── Records for processing

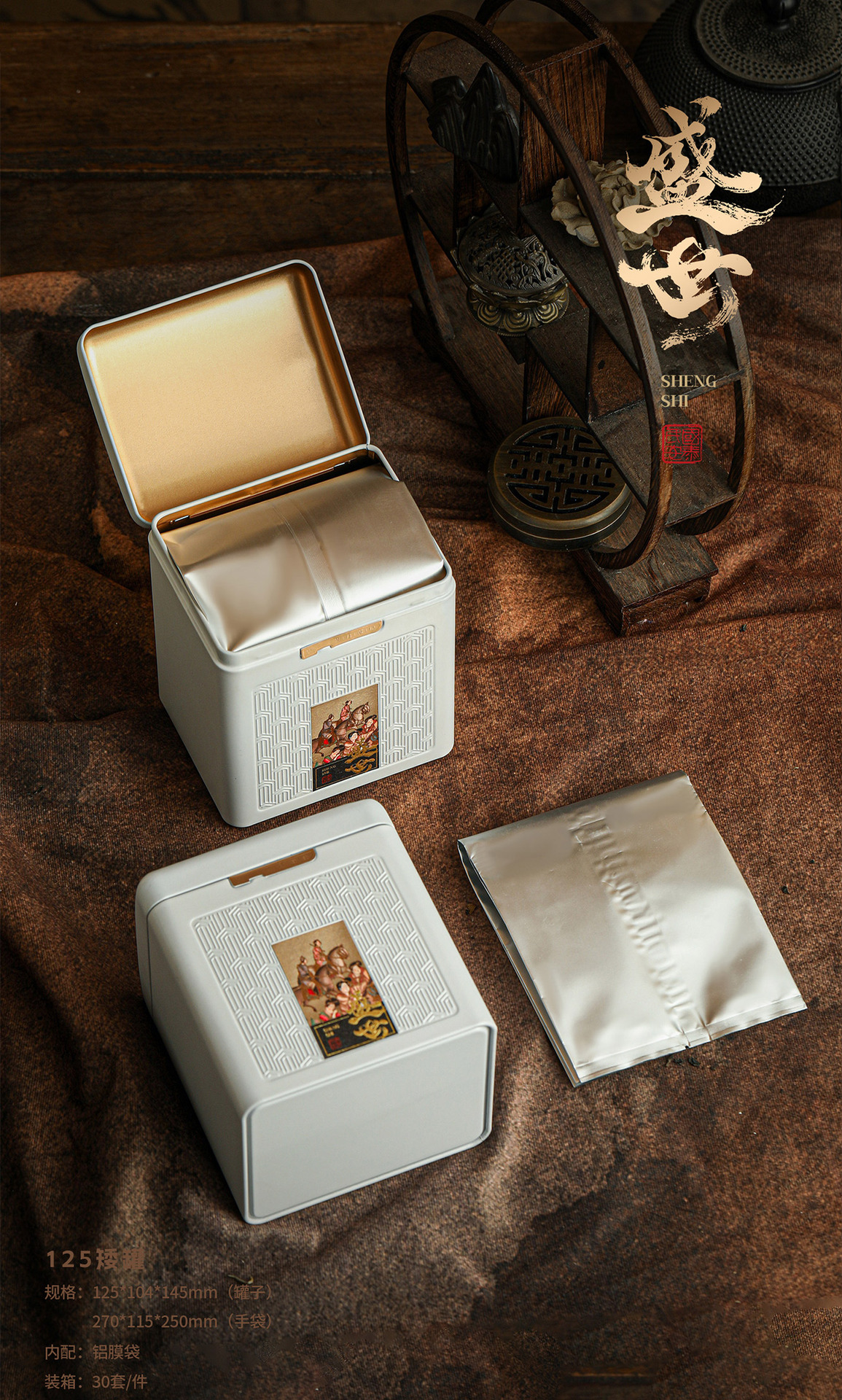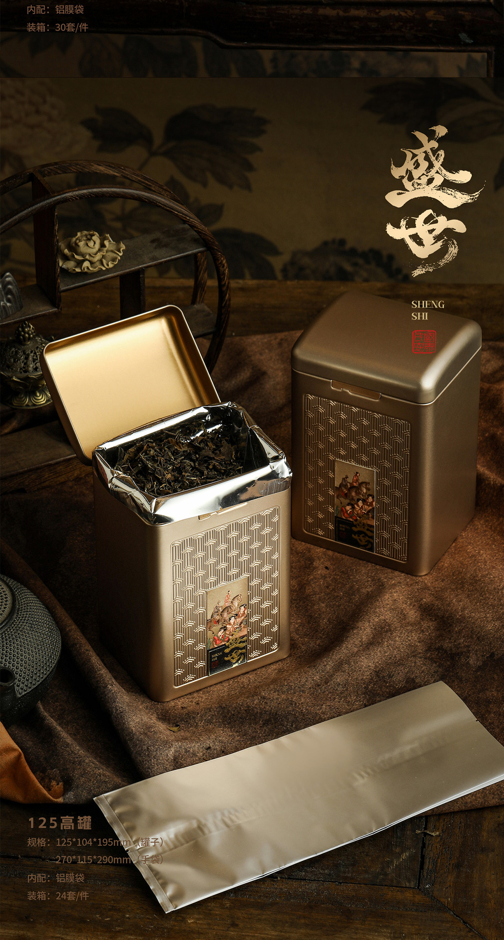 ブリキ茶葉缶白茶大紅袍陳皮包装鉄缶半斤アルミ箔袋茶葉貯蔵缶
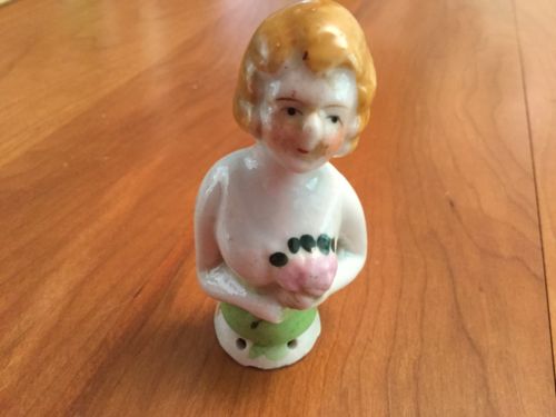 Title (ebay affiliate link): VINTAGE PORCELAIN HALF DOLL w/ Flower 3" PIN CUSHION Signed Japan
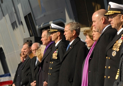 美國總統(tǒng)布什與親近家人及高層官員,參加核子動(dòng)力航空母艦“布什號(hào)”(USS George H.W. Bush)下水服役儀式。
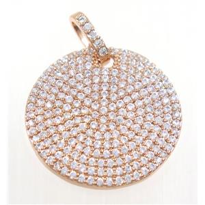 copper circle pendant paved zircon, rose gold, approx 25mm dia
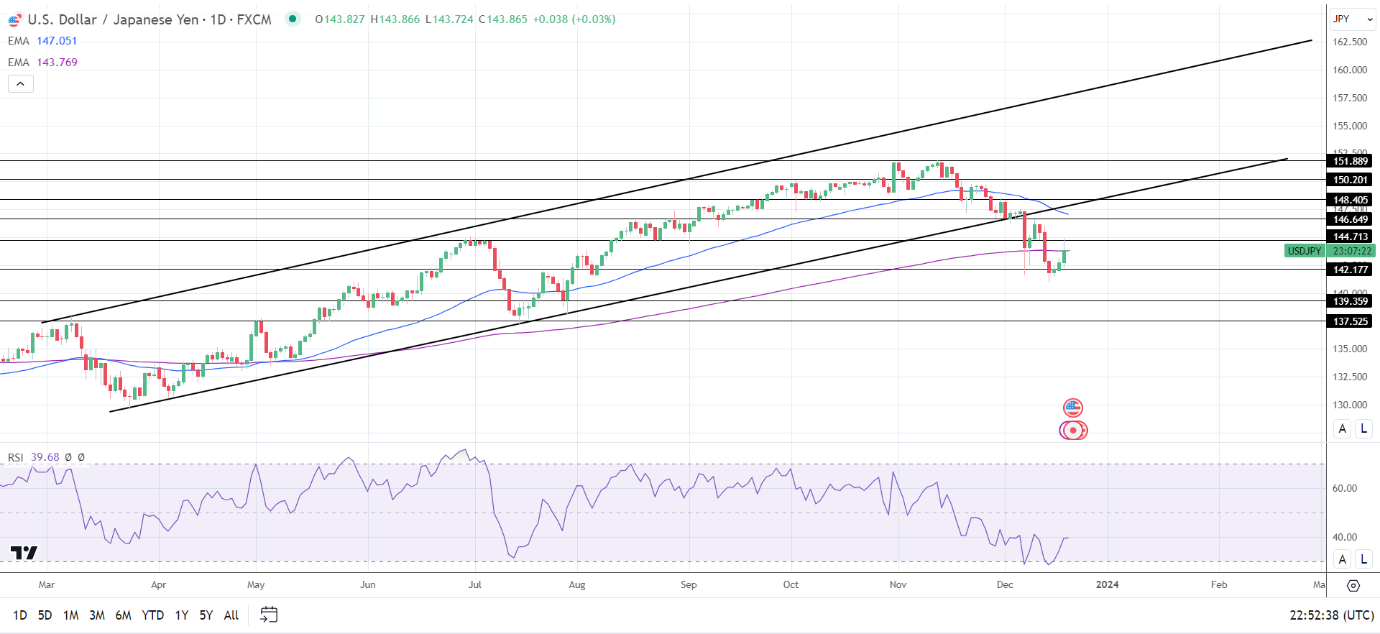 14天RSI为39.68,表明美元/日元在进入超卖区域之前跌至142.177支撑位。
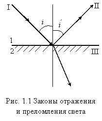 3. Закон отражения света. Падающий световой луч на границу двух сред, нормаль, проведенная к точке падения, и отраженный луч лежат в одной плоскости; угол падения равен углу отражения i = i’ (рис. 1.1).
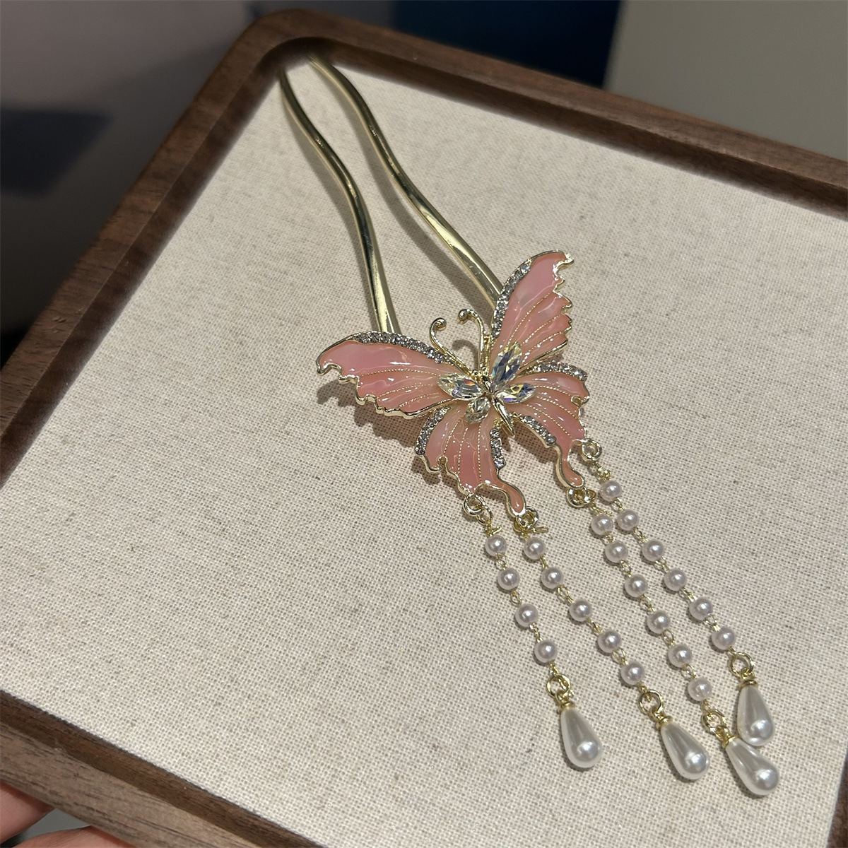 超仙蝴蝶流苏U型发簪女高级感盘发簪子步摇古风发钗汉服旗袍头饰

────

# What to produce
The answer must consist solely of the lines from the line containing "14天RSI为39.68,表" to the end of the data, reproduced exactly, with every picture left out.

# Your response
 14天RSI为39.68,表明美元/日元在进入超卖区域之前跌至142.177支撑位。
 3. Закон отражения света. Падающий световой луч на границу двух сред, нормаль, проведенная к точке падения, и отраженный луч лежат в одной плоскости; угол падения равен углу отражения i = i’ (рис. 1.1).
 超仙蝴蝶流苏U型发簪女高级感盘发簪子步摇古风发钗汉服旗袍头饰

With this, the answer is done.